We started a new fishtank in Sept and finally have it fully stocked, with 4 zebra danios, 3 rosy barbs, and 2 hillstream loaches. Also a good selection of plants. The zebra danios were our first fish, and they are really great. They are pretty much indestructible, surviving really quite embarassing levels of ammonia and nitrite, and they are continually darting about the tank, chasing one another.

We are taking a very different approach than your are, however. We are keeping the tank as low-tech as possible. No CO2, no liquid fertilizers, no heater even. We live in Cambridge UK, and the tank temp varies between 20 and 22C. For example, we also had twisted vallis, but it didn't grow for us. Instead of adding stuff to make it grow, we simply gave it away and put something else in its place (crypt balansae). Since we're not adding ferts, we'll have to make sure that the nutrients we put in there stay in there, so we've stopped vacuuming the gravel. Yay, less maintenance! We have some snails that live in the substrate to help break stuff down. 

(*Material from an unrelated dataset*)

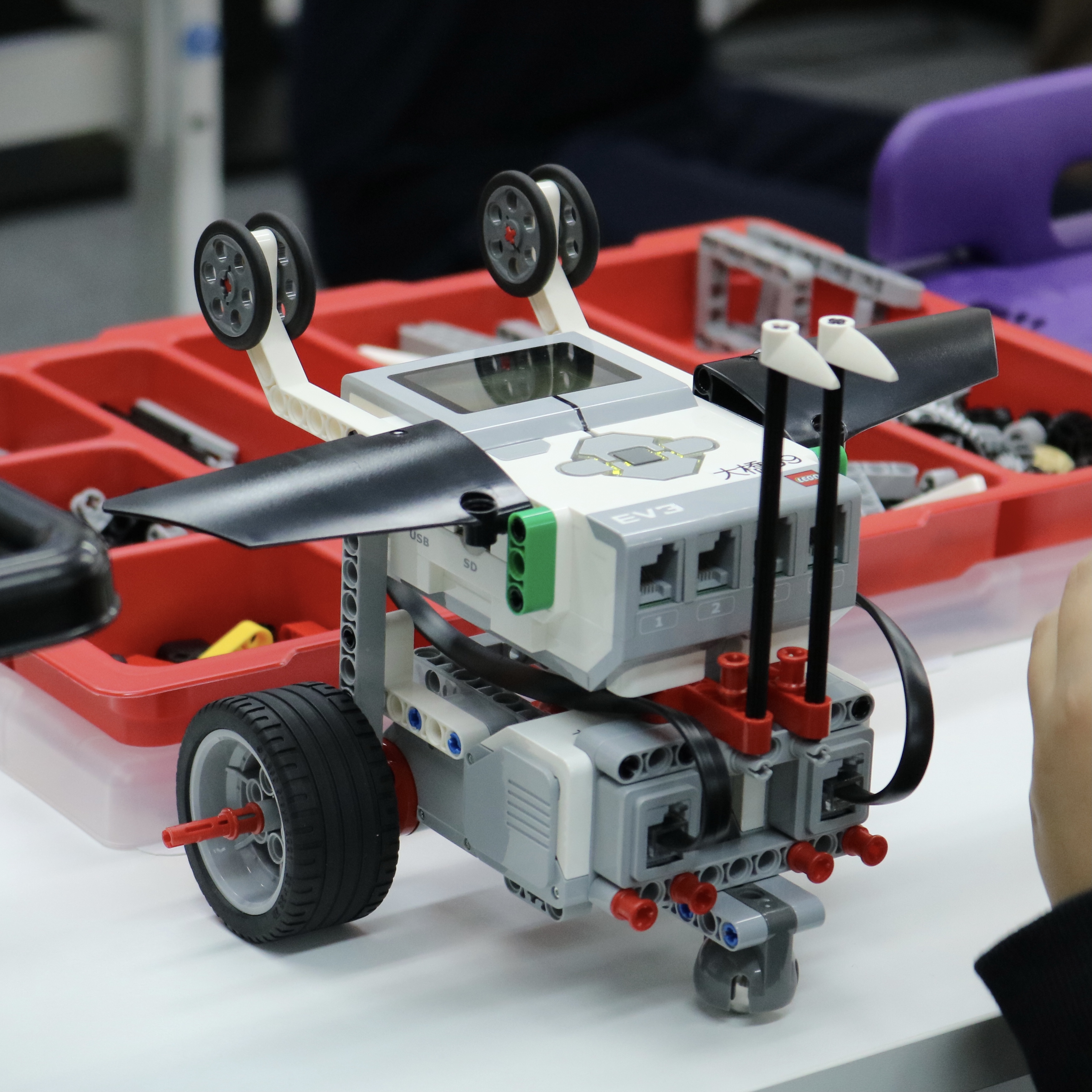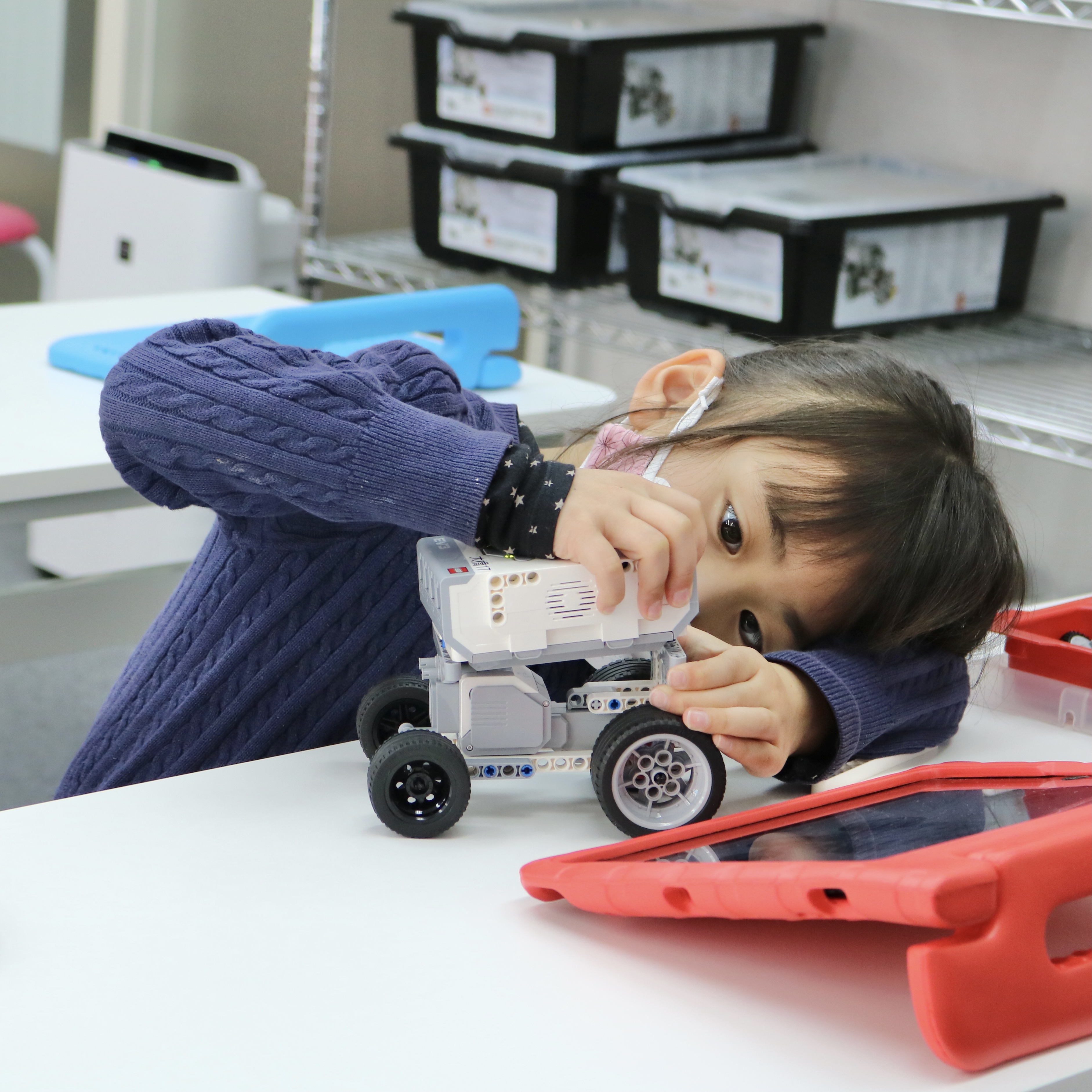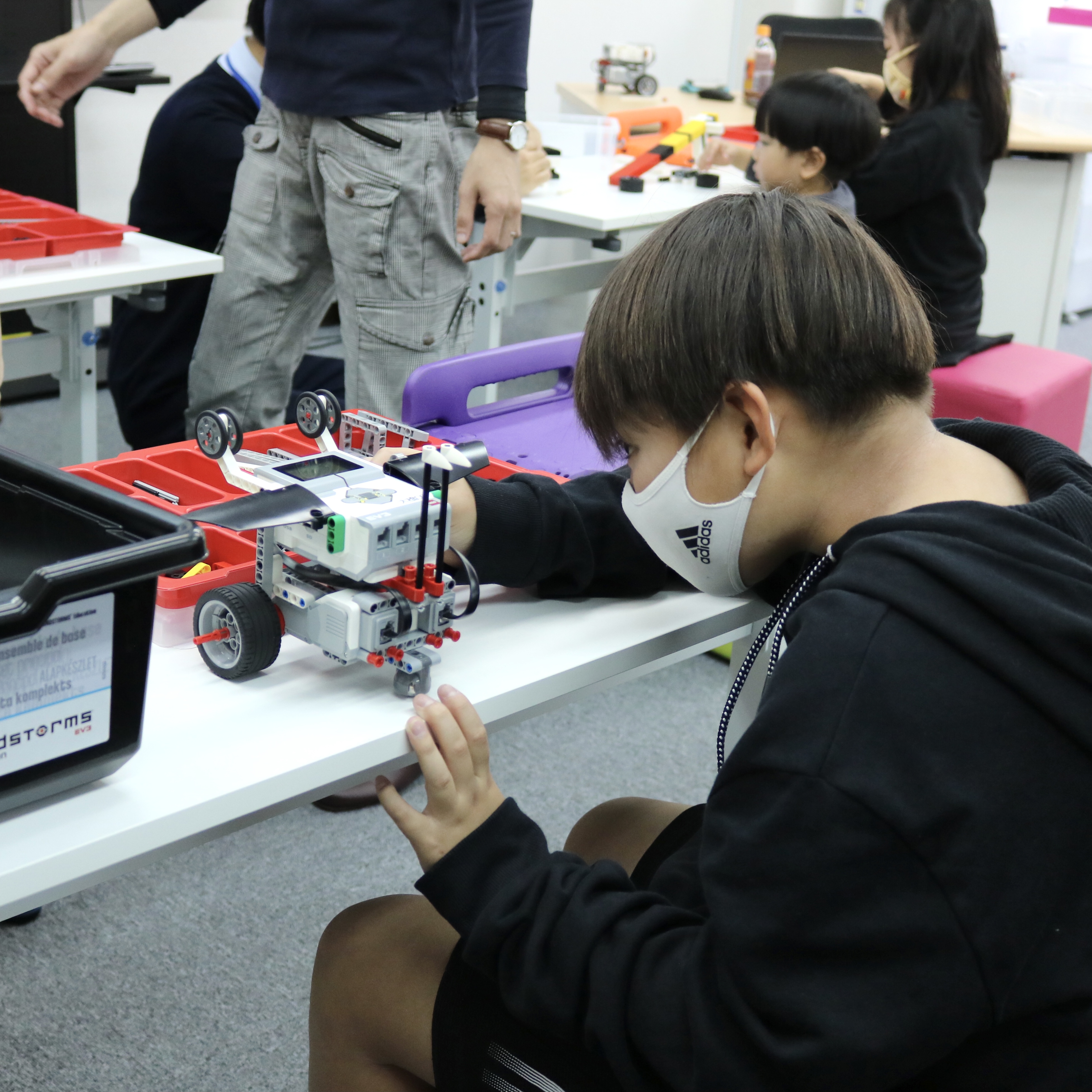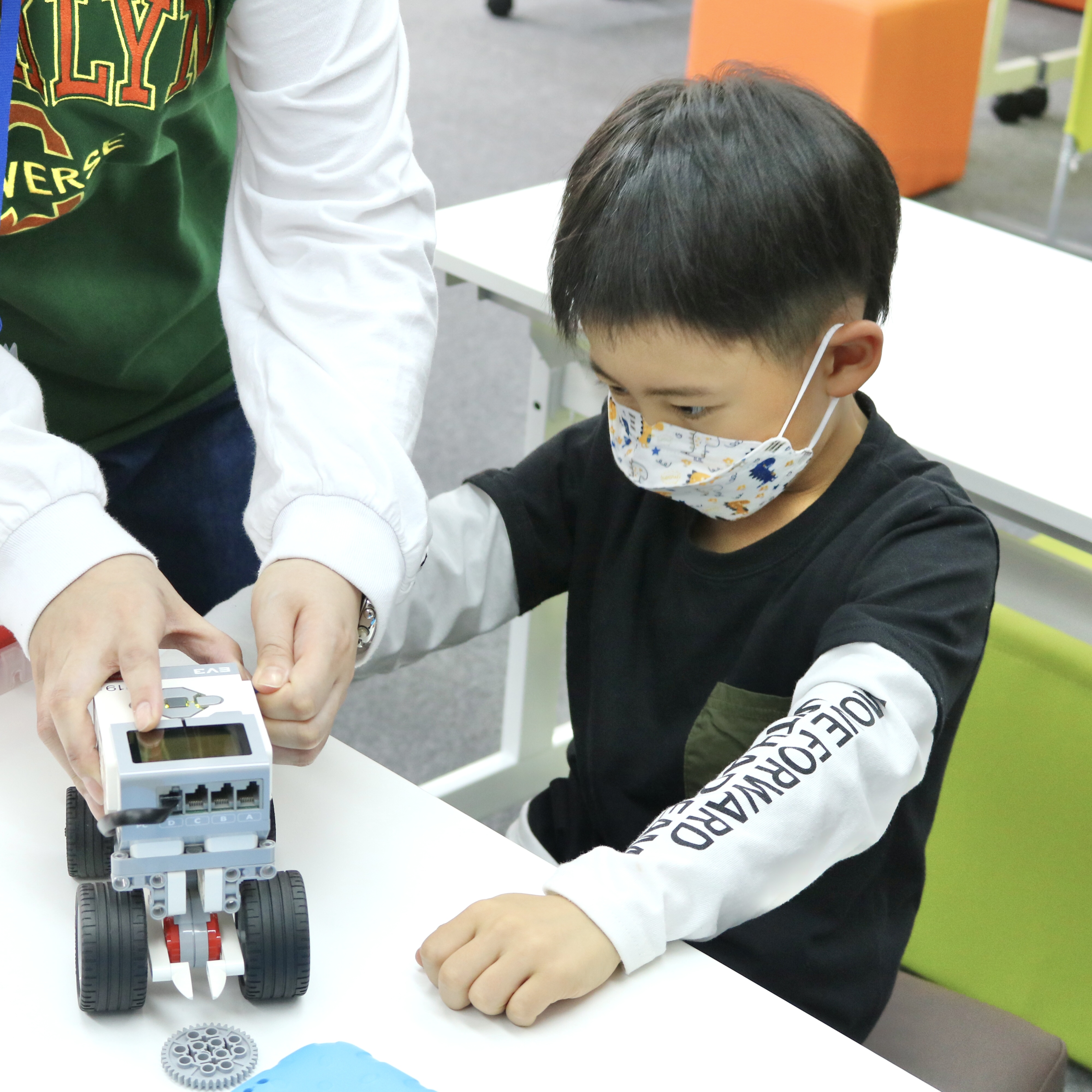 内容:主に教育版レゴ® マインドストーム® EV3を用いて、モーターや各種センサーを使ってロボットを組み立て、ビジュアルアイコンを使ったソフトウェアでプログラミングを行う。

You might want to add some Malaysian Trumpet snails to your tank. They are good for plants, and might be able to keep other, less desirable snails out (by competition). You can't buy them, but you can often find them in tanks in fish shops. The shop guys will think you're nuts for wanting them. They consider them pests, but that's because they don't know about them! You can see a picture here:
http://www.petresources.net/fish/plants/mel_tub.html


----------



## Damon (Jan 18, 2005)

Malaysian trumpet are not good for plants. They are not bad either. They are good for shifting through sand to keep it aerrated but thats to prevent sulfur buildup, not to benefit the plants. A good root system will do the same. 
You should always vaccuum your gravel. In a perfect world, the plants will use all the nutrients you have in your tank but this isn't one. Too much debris will cause outbreaks and excessive nitrate readings. This will also cause snail outbreaks. When the food is gone or limited, the snails will either die, polluting the tank, or turn on your plants.


----------



## MyraVan (Jan 19, 2005)

> You should always vaccuum your gravel.


You have MUCH more experience in fishkeeping than I do, and I respect what you say. However, it seems that others, who have equally as much experience as you do, have tanks where they don't vacuum the gravel. For example, see
http://mike-edwardes.members.beeb.net/plant/lotech.html
And of course there is Diana Walstad's book, which you yourself have said is a good book.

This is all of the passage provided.